■ WHAT TO DO: Leave every picture out and give back the lines below from the first through the line that holds "Изысканный женский халат", exactly as written.

■ THE DATA:
::::

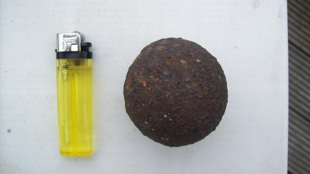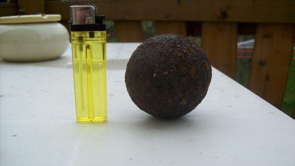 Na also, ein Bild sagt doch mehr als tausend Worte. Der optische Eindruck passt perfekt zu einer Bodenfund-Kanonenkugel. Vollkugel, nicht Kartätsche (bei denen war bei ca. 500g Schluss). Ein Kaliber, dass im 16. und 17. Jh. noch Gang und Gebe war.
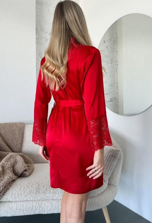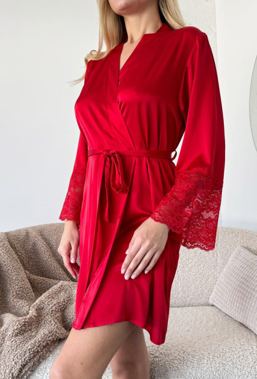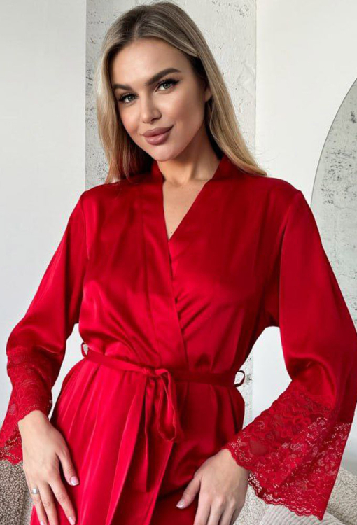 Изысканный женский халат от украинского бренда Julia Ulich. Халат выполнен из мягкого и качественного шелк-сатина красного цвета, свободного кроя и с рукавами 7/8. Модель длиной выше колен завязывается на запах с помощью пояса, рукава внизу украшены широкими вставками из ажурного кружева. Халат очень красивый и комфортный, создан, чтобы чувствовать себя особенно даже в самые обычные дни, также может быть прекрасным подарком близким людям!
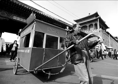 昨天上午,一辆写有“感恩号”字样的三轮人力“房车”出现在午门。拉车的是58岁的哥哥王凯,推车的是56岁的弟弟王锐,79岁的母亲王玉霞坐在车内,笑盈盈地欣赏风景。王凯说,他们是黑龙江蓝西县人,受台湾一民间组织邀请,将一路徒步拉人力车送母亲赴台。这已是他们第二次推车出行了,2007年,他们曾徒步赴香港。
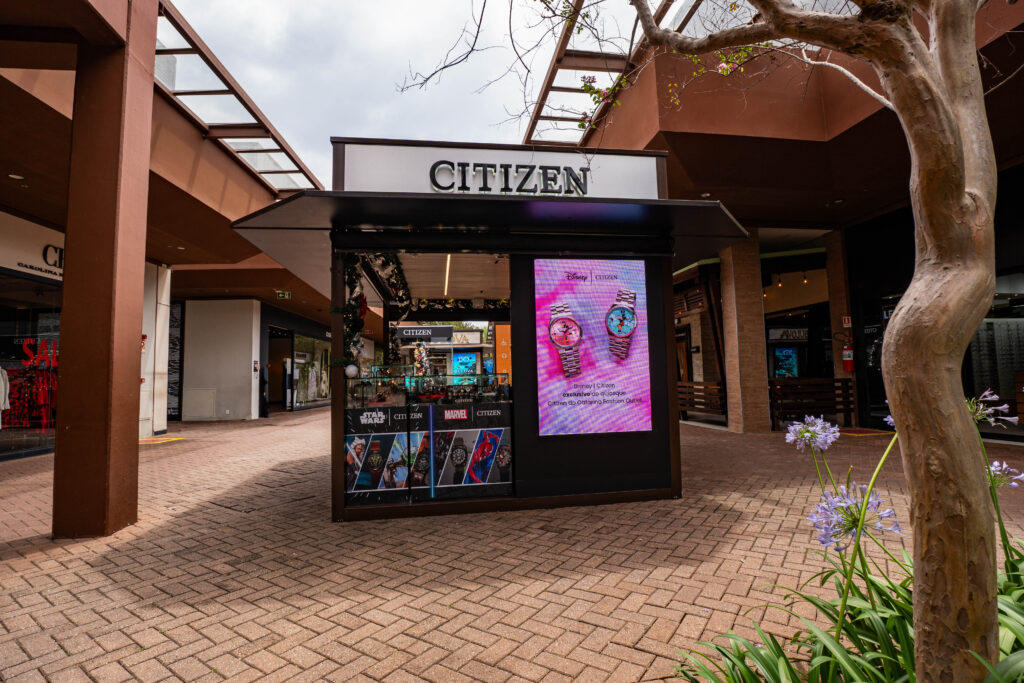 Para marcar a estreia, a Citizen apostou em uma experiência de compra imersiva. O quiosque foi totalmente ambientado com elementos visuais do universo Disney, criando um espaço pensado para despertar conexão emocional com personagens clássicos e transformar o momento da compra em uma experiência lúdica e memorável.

::::

■ ANSWER SPACE:
 Na also, ein Bild sagt doch mehr als tausend Worte. Der optische Eindruck passt perfekt zu einer Bodenfund-Kanonenkugel. Vollkugel, nicht Kartätsche (bei denen war bei ca. 500g Schluss). Ein Kaliber, dass im 16. und 17. Jh. noch Gang und Gebe war.
 Изысканный женский халат от украинского бренда Julia Ulich. Халат выполнен из мягкого и качественного шелк-сатина красного цвета, свободного кроя и с рукавами 7/8. Модель длиной выше колен завязывается на запах с помощью пояса, рукава внизу украшены широкими вставками из ажурного кружева. Халат очень красивый и комфортный, создан, чтобы чувствовать себя особенно даже в самые обычные дни, также может быть прекрасным подарком близким людям!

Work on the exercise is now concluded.